Consider the first term in equation $(2)$ when a time series of samples of $X$ and $Y$ of equal length are available,

$\begin{aligned} E[XY]& \approx \frac{1}{N^2}\sum_{n=0}^{N-1}x_n y_n \\ &\propto\ \psi_{0}, \end{aligned}$

if $N$ is sufficiently large. Generalizing this result to arbitrary time shifts leads to equation $(1)$ .

An important special case of the cross correlation is the autocorrelation which is defined a the cross correlation of a time series with itself,

$r_t = \sum_{n=0}^{N-1} x_{n} x_{n+t}\ \ \ \ \ (3).$

Building on the interpretation of cross correlation the autocorrelation is viewed as a measure of dependence or similarity of the past and future of a time series. For a time lag of $t=0$ ,

$r_0\ \propto\ E\left[X^2\right].$

Discrete Fourier Transform

This section will discuss properties of the Discrete Fourier Transform that are used in following sections. The Discrete Fourier Transform for a discrete periodic time series of length $N$ , $\{f_0,\ f_1,\ f_2,\ldots,\ f_{N-1}\}$ , is defined by,

$\begin{gathered} f_{n} = \frac{1}{N}\sum_{k=0}^{N-1}F_{k}e^{2\pi i (k/N)n} \\ F_{k} = \sum_{n=0}^{N-1}f_{n}e^{-2\pi i (n/N)k}, \end{gathered}\ \ \ \ \ (4)$

where the expression for $f_{n}$ is referred to the inverse transform and the one for $F_{k}$ the forward transform.

Linearity

Both the forward and inverse transforms are Linear Operators. An operator, $\mathfrak{F}$ , is linear if the operation on a sum is equal the sum of the operations,

$\mathfrak{F}(a+b) = \mathfrak{F}(a)+\mathfrak{F}(b)\ \ \ \ \ (5)$

To show this for the forward transform consider $h_{n}=f_{n}+g_{n}$ , then,

$\begin{aligned} H_{k} &= \sum_{n=0}^{N-1}h_{n}e^{-2\pi i (n/N)k} \\ &= \sum_{n=0}^{N-1}\left(f_{n}+g_{n}\right)e^{-2\pi i (n/N)k} \\ &= \sum_{n=0}^{N-1}f_{n} e^{-2\pi i (n/N)k} + \sum_{n=0}^{N-1} g_{n}e^{-2\pi i (n/N)k} \\ &= F_{k} + G_{k}. \end{aligned}$

Similarly it can be shown that the inverse transform is linear.

Periodicity

Periodicity of the forward transform implies that, $F_{k+mN}=F_{k}\ \ \ \ \ (6),$ where $m=\{\ldots,-2,\ -1,\ 0,\ 1,\ 2,\ldots\}$ . To show that this is true first consider the case $m=1$ ,

$\begin{aligned} F_{k+N} &= \sum_{n=0}^{N} f_{n}e^{-2\pi i (n/N)(k+N)} \\ &= \sum_{n=0}^{N} f_{n} e^{-2\pi i(n/N)k}e^{-2\pi i n} \\ &= \sum_{n=0}^{N} f_{n} e^{-2\pi i(n/N)k} \\ &= F_{k}, \end{aligned}$

where the second step follows from, $e^{2\pi i n} = 1,\ \forall\ n$ .
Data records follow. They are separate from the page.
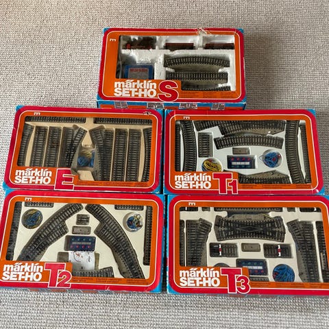 9 stik tog: HO 3147, HO4133,HO 4132 x 2, HO4164, HO 4133, 4636, 4514 og 2 unummererede personvogne til modeltog i skala HO. Klassisk personvogn i sølvfarve, leveres i original æske som vist på billederne. Egnet til brug på Märklin HO modeljernbaneanlæg med tilsvarende skinnesystem. Små plastik og papirbygninger, træer og ledning/elforsyninger.
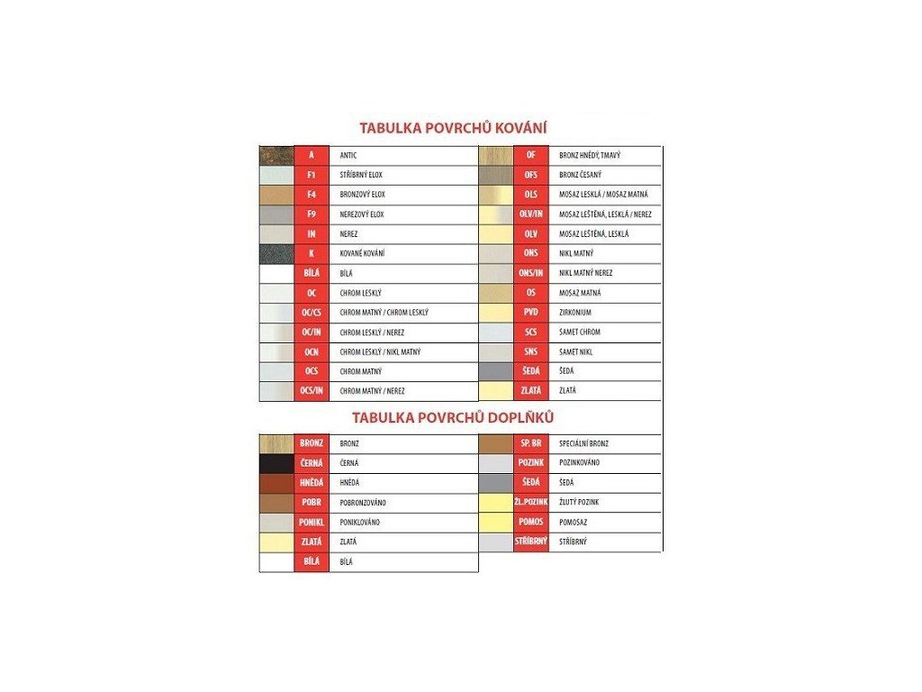 Typ povrchu: F1 stříbrný elox, F4 bronzový elox
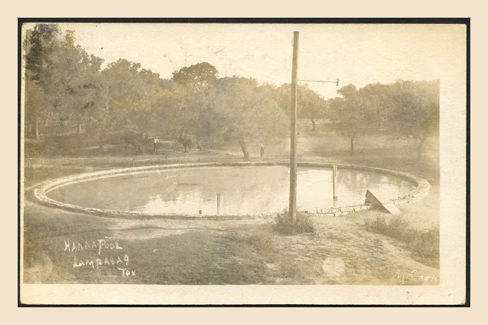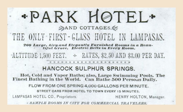 10. It is stated in the records that the first to promote Lampasas as the “Saratoga of the South” were G.W. & Elizabeth Scott, major landowners, who sold home lots priced $5.00 to $12.50. as the "Lampasas Land Company." It was the Scotts who first developed what became Hanna Springs. Newspaper advertisements throughout the country invited people to “come to Lampasas to drink the health giving mineral waters and meet the socially correct.” The Santa Fe ran weekend and holiday excursions from Galveston. During the summer months the railroad offered special rail rates from all over the country to Lampasas. In the early 1900s, Sutherland Springs along the Cibilo River (Wilson County, 21 miles east of downtown San Antonio) began to advertise a new resort as "The Saratoga of the South." Many other springs throughout the South also claimed the moniker.
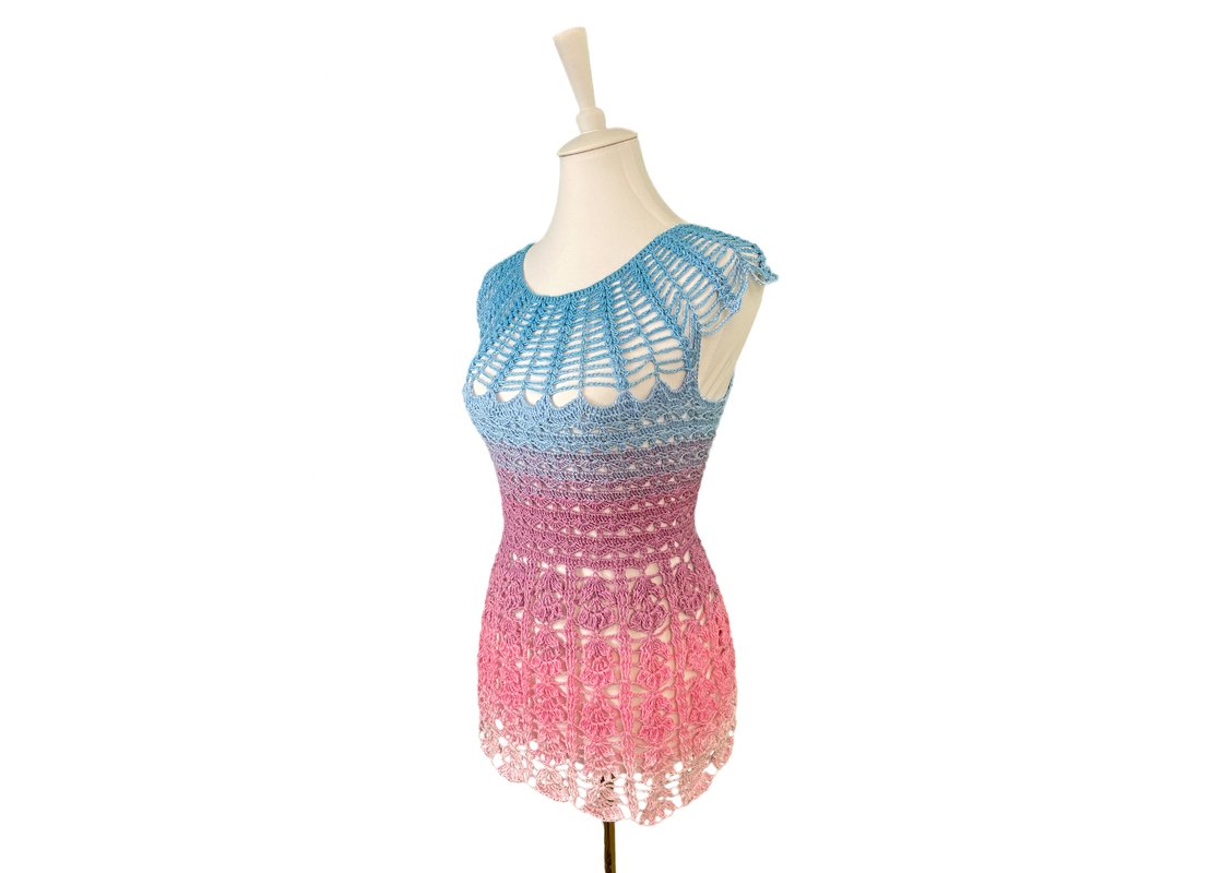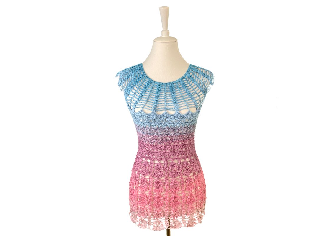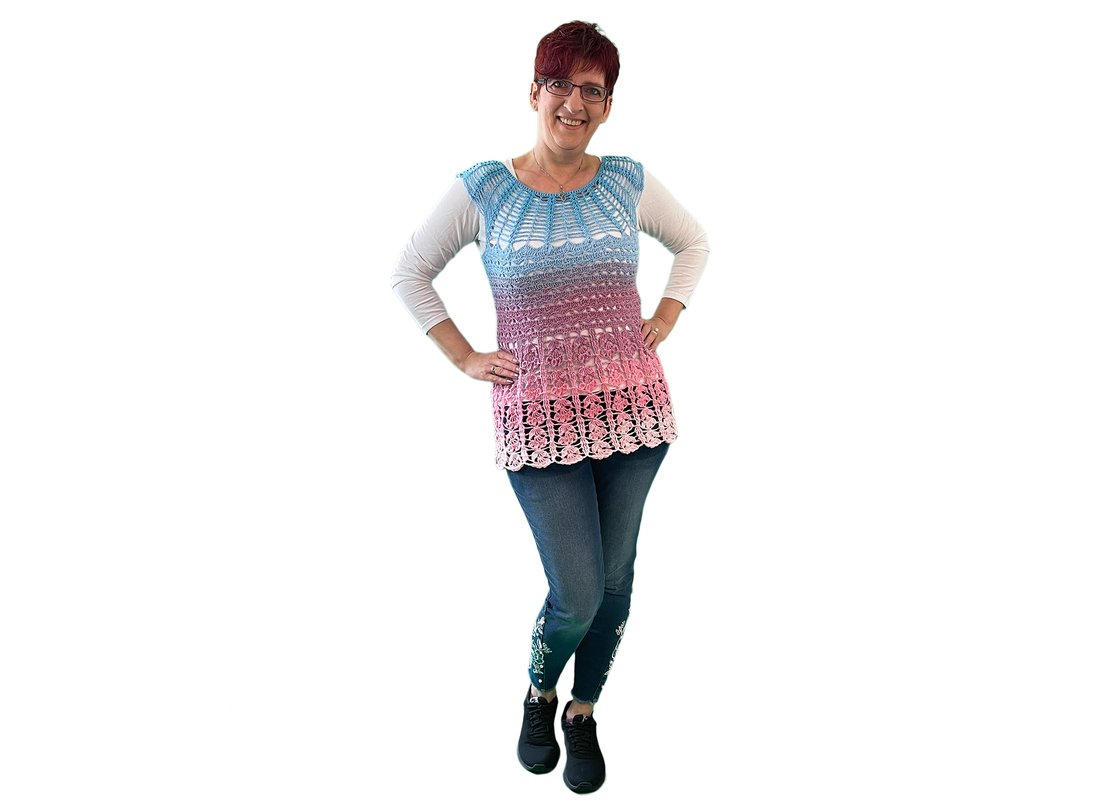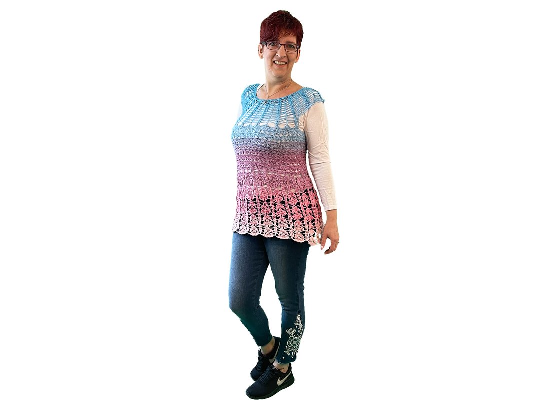 Für die Tunika wurde Bobbel "Südseeperle" von MT.Bobbelwelt verwendet. für Größe 36/38 1000LL 3Fädig und mit NS 3mm
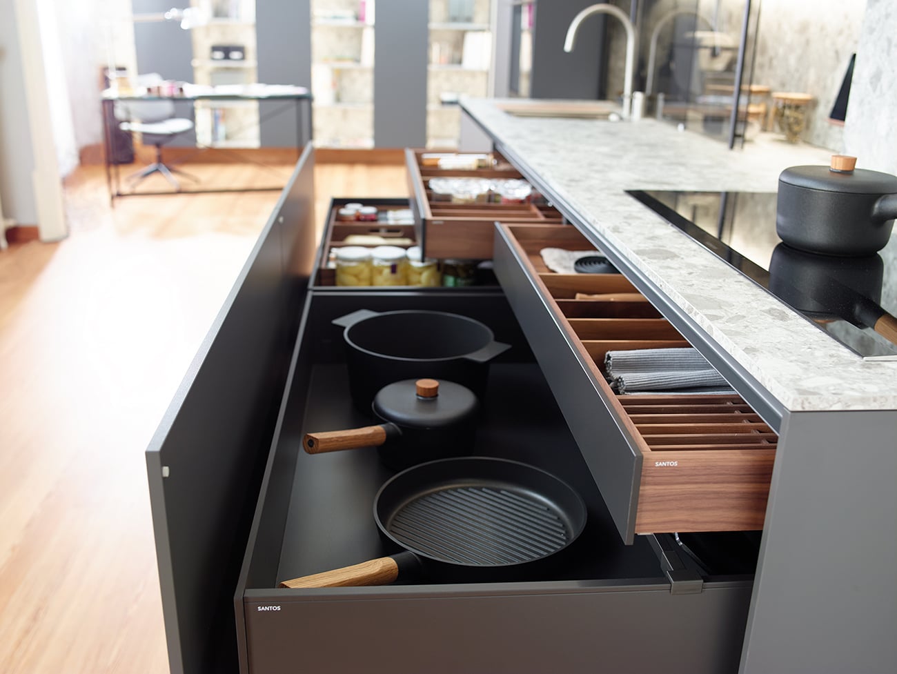 - Muebles de alta calidad: lo más importante para tener una cocina de lujo es la calidad de los muebles de tu cocina, por eso, es importante hacer una buena elección, en DOCRYS DC trabajamos en exclusiva con la marca SANTOS.
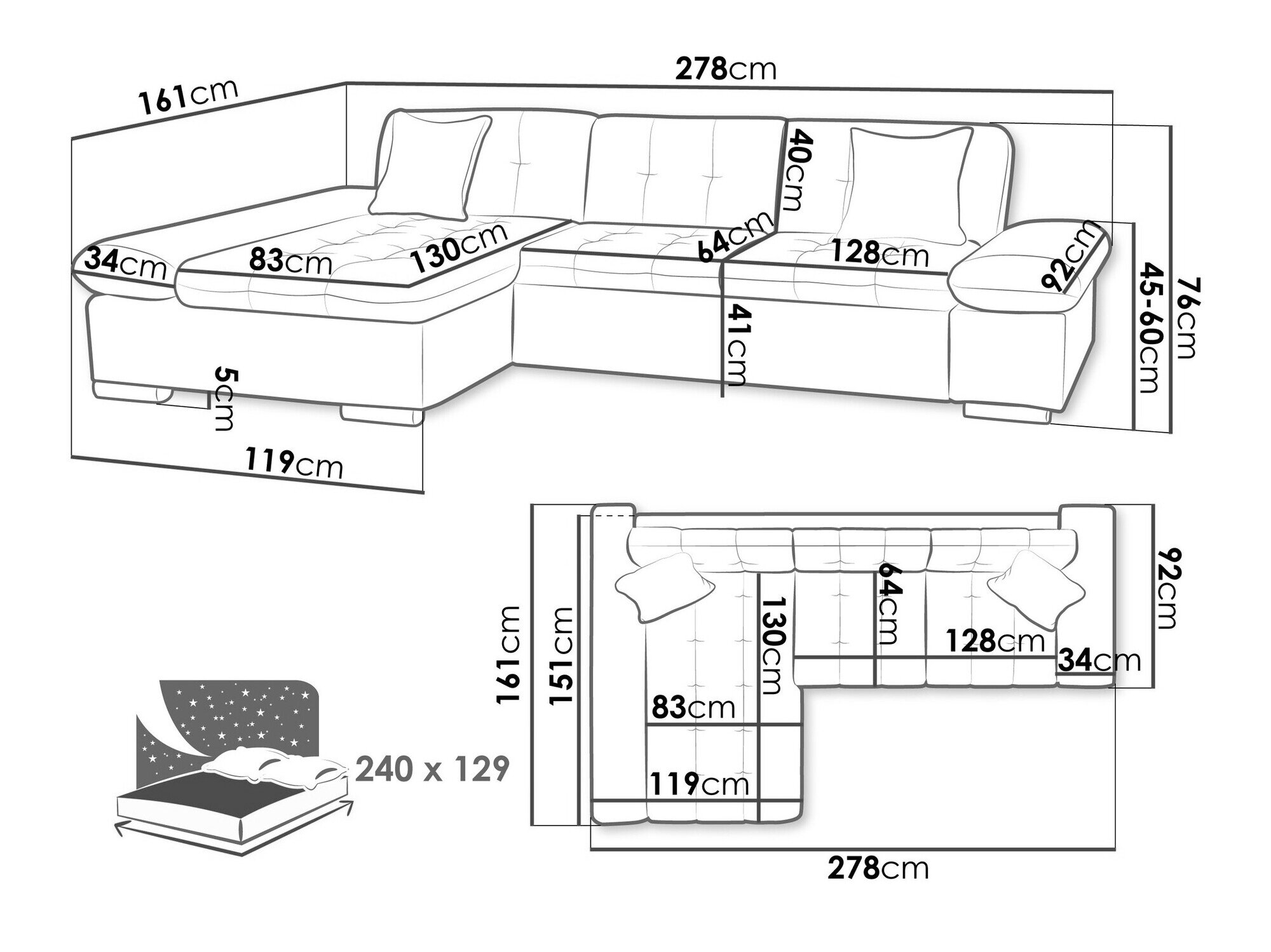 Sengekasse dimensioner:
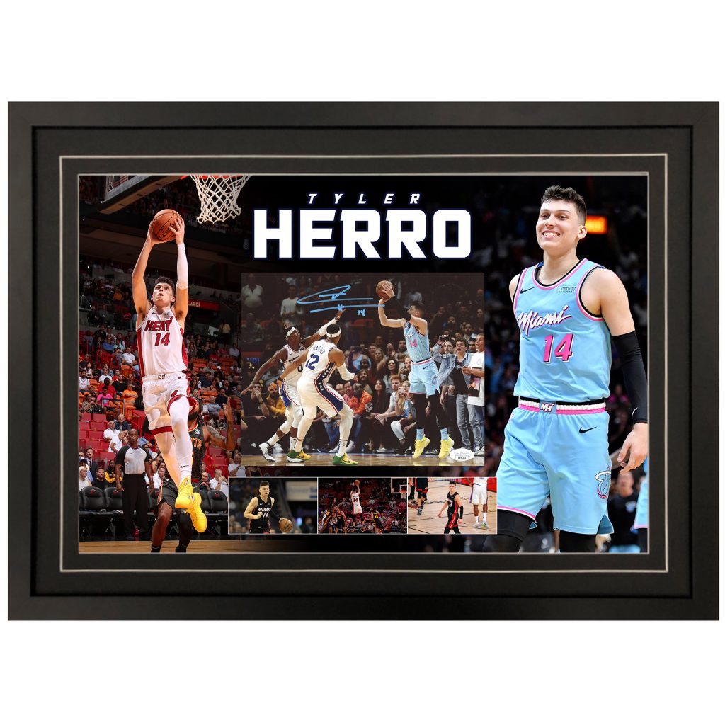 • Signed 8×10 Photograph, personally signed by Tyler Herro, mounted into a deluxe display
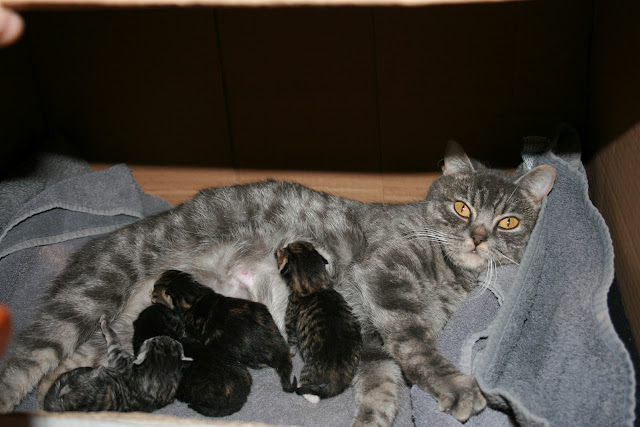 Een kleine wereld prestatie Minoes, 4 gezonde kittens; ik zou het je niet nadoen!

For an arbitrary value of $m$ , $\begin{aligned} F_{k+mN} &= \sum_{n=0}^{N} f_{n}e^{-2\pi i (n/N)(k+mN)} \\ &= \sum_{n=0}^{N} f_{n} e^{-2\pi i(n/N)k}e^{-2\pi i nm} \\ &= \sum_{n=0}^{N} f_{n} e^{-2\pi i(n/N)k} \\ &= F_{k}, \end{aligned}$

since, $e^{2\pi i mn} = 1,\ \forall\ m,\ n$ .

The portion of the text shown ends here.